Exercise details: Using the data below, return word for word every line from the one holding "为推动我校心理健康事业发展,培养和引导在" down to the one holding "Senaryo gereği binada". Leave pictures out.

Records provided:
# # # # #

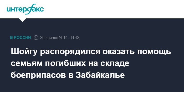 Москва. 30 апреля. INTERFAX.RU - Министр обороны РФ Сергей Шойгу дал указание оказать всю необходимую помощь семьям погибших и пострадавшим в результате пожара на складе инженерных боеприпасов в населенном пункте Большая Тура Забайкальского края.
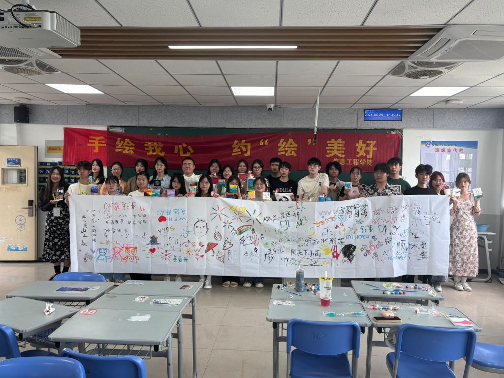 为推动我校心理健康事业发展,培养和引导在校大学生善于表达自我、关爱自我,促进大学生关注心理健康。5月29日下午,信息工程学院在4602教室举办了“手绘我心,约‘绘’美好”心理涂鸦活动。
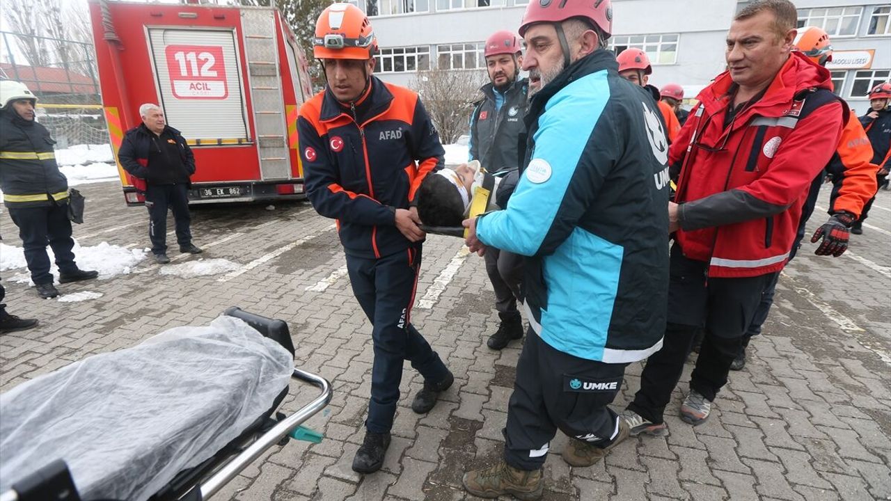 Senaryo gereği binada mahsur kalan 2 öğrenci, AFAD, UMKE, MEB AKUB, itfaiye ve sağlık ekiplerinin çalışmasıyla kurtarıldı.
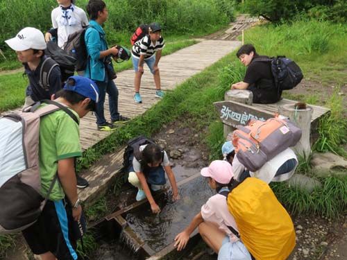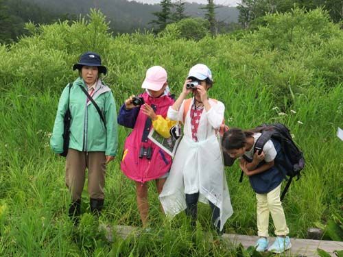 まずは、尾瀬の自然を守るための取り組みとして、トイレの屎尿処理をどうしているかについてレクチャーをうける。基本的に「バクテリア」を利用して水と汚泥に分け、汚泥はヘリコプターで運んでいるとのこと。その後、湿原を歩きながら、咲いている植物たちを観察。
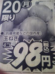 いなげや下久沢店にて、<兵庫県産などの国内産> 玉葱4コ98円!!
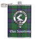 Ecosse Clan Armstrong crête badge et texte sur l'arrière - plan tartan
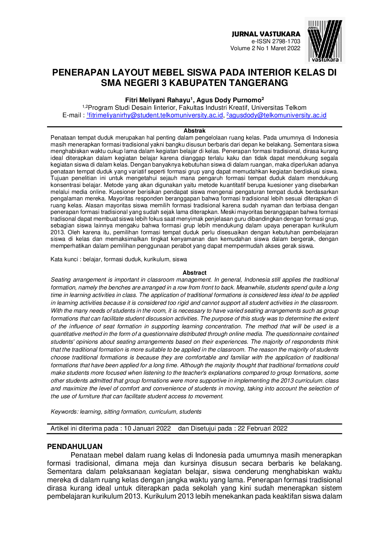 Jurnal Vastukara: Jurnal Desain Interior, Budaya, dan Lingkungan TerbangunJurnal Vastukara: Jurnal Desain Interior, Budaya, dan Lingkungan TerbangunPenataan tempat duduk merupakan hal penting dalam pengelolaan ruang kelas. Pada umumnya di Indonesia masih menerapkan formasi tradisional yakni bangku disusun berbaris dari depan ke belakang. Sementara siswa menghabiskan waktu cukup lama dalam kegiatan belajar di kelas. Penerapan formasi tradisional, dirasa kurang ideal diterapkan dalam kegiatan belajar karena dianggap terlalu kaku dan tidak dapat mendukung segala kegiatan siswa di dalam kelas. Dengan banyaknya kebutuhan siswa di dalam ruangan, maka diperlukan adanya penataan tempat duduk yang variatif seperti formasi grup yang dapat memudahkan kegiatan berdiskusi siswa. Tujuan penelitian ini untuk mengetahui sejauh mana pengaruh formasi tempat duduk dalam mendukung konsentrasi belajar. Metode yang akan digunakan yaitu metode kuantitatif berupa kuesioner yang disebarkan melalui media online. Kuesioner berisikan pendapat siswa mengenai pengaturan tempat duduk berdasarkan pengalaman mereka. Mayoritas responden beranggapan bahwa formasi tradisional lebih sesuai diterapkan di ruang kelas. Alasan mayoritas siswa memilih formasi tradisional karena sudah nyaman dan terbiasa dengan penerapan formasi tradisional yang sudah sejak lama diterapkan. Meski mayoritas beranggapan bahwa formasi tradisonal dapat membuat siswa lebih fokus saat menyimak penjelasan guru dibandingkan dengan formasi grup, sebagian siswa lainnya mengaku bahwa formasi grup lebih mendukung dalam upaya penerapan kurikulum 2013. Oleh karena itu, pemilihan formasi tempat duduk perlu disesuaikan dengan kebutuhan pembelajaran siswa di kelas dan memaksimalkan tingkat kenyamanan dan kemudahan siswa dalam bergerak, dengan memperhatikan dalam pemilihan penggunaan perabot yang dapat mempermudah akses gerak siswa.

# # # # #

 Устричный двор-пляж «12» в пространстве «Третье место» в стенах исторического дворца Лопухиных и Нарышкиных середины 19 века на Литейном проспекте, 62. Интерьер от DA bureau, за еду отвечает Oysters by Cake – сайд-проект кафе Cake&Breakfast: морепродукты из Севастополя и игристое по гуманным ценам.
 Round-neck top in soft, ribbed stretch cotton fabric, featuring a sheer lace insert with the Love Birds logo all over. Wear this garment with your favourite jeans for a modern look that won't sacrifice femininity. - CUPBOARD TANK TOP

# # # # #

The completed task:
 为推动我校心理健康事业发展,培养和引导在校大学生善于表达自我、关爱自我,促进大学生关注心理健康。5月29日下午,信息工程学院在4602教室举办了“手绘我心,约‘绘’美好”心理涂鸦活动。
 Senaryo gereği binada mahsur kalan 2 öğrenci, AFAD, UMKE, MEB AKUB, itfaiye ve sağlık ekiplerinin çalışmasıyla kurtarıldı.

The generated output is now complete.